Market players should now be looking for long-biased trades in AEGR as soon as it manages to break out above some near-term overhead resistance at $23 a share with high volume. Keep an eye out for a sustained move or close above $23 a share with volume that reaches near or above its three-month average action of 449,761 shares. If that breakout triggers any time soon, then AEGR will set up to re-test or possibly take out its all-time high of $25.92 a share

One last stock that is currently moving within range of triggering a near-term breakout trade is Zipcar (ZIP_), which operates a car sharing network. It is providing the freedom of ‘wheels when you want them’ to more than 560,000 Zipsters. This stock has been a regular target for the bears in 2018, with its shares down by 37%.

If you examine Zipcar’s data, you will notice that this stock has been strongly uptrending during recent months, with shares rocketing from a low of $5.90 to a most recent high of $8.64 a share. During that rise, shares of ZIP have mostly been making higher lows and higher highs, which would be bullish technical price action. That move has now landed ZIP within target range of triggering a near-term breakout trade.

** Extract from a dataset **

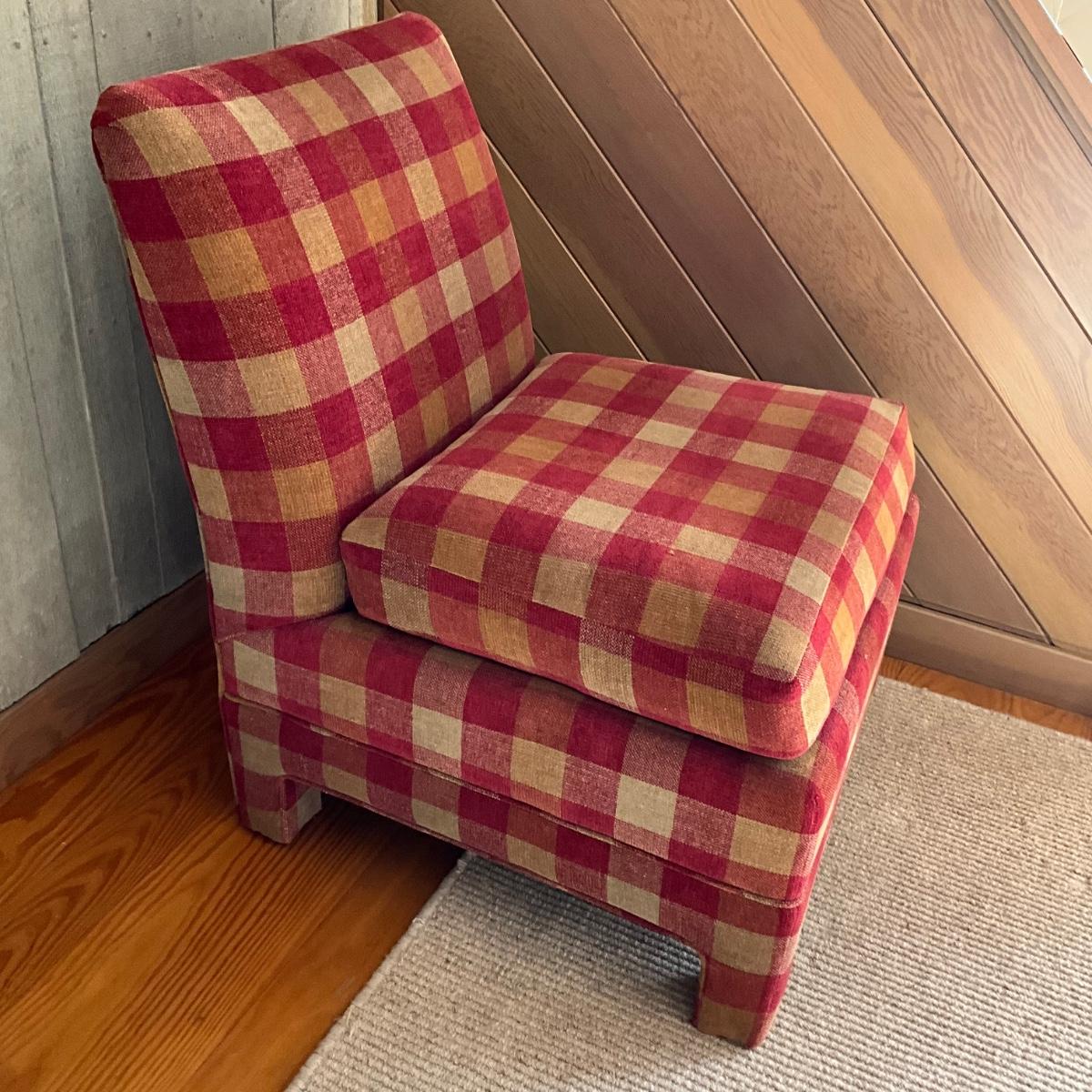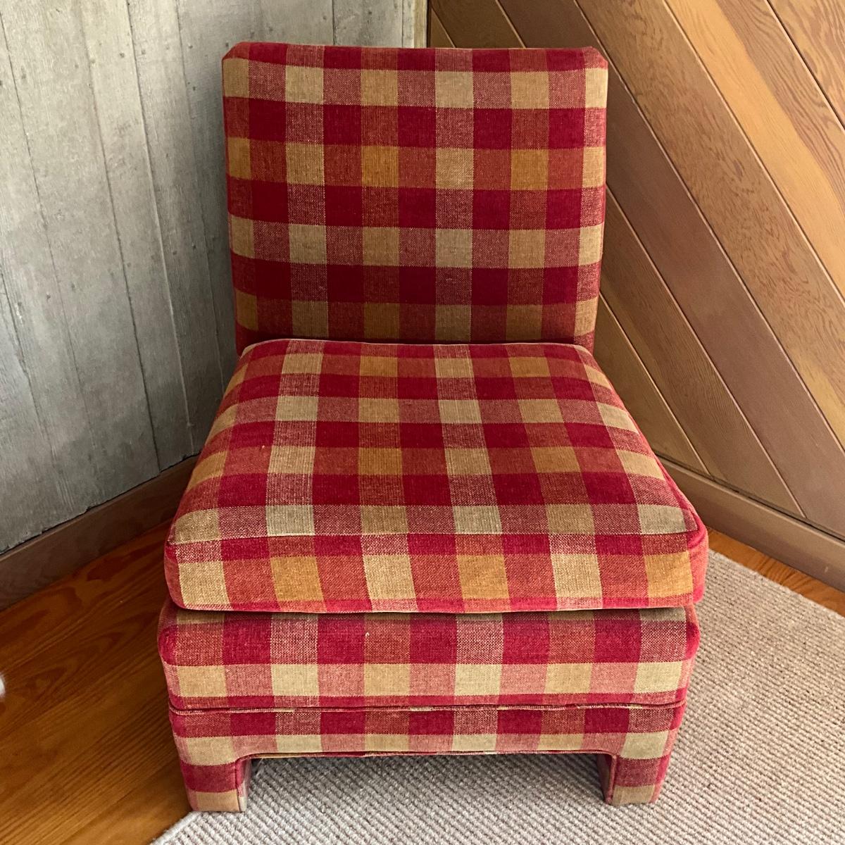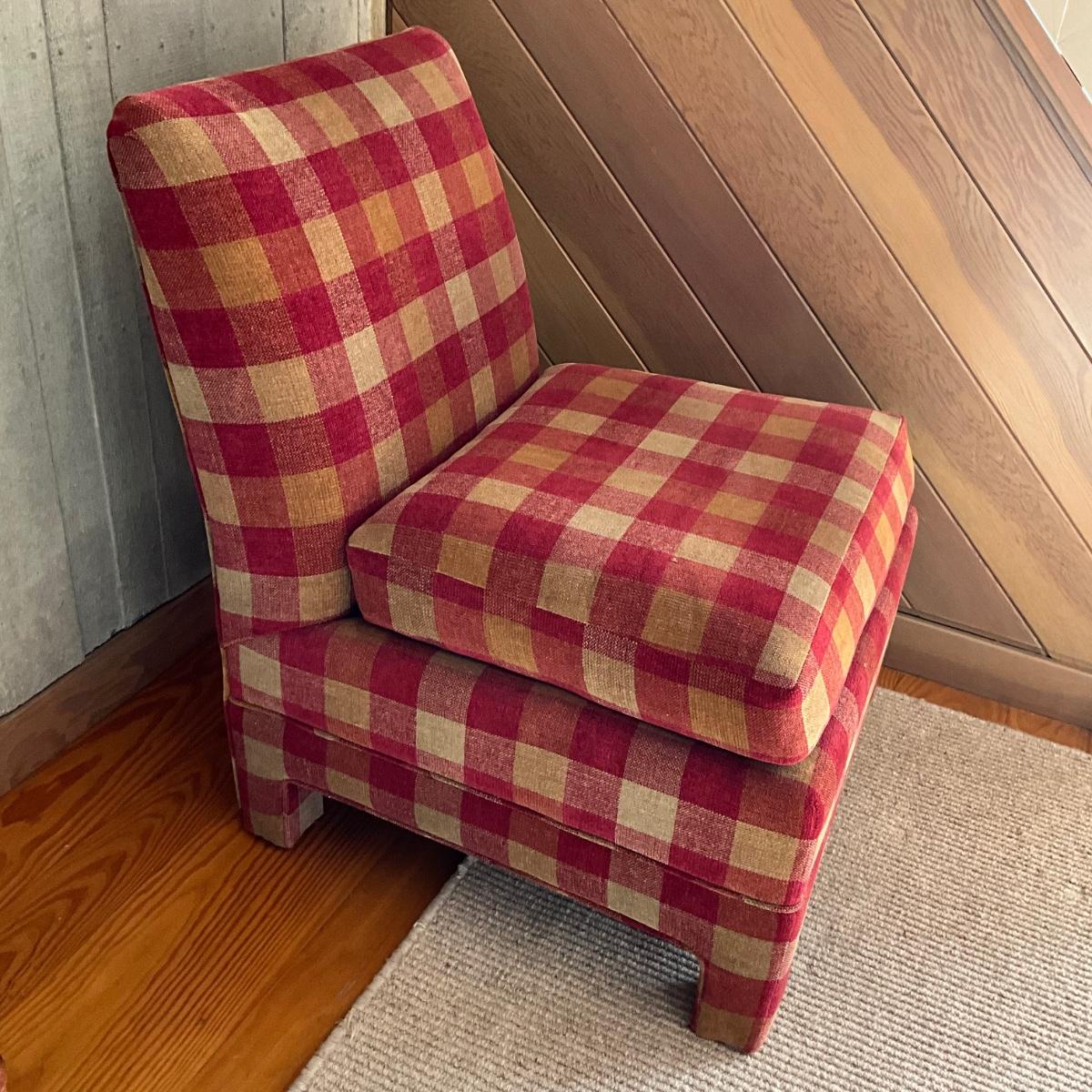 Red, Beige, Yellow buffalo check slipper chair in very good condition

Traders should now  know to look for long-biased trades in ZIP as soon as it is able to break out above some near-term overhead resistance levels at $8.64 to $8.69 per share with high volume. Look for it to make a sustained move or close above those level with a volume level that hits near or above its three-month average action of 350,502 shares. If this breakout triggers soon, then ZIP will set up to re-test or possibly take out its next major overhead resistance levels at $10.20 to $12 a share. And if that breakout hits, then ZIP should also move into a previous gap down zone from last August that started at around $10 a share.

Traders may look  to buy ZIP off any weakness during the period that it is trending within range of its 50-day moving average of $7.26 a share. One may also buy off strength from the time that ZIP takes out $8.64 to $8.69 a share and then simply use a stop close to $8 to $7.84 a share

Bear in mind that this stock has been heavily-shorted , since the current short interest as a percentage of the float for ZIP is 23.9%. The bears, also, have been upping their bets  from the most recent reporting period by 5.6%, which amounts to around 330,000 shares. If the breakout arrives soon, then ZIP could quickly see a monster short-squeeze as the bears rapidly move to cover some of their short positions.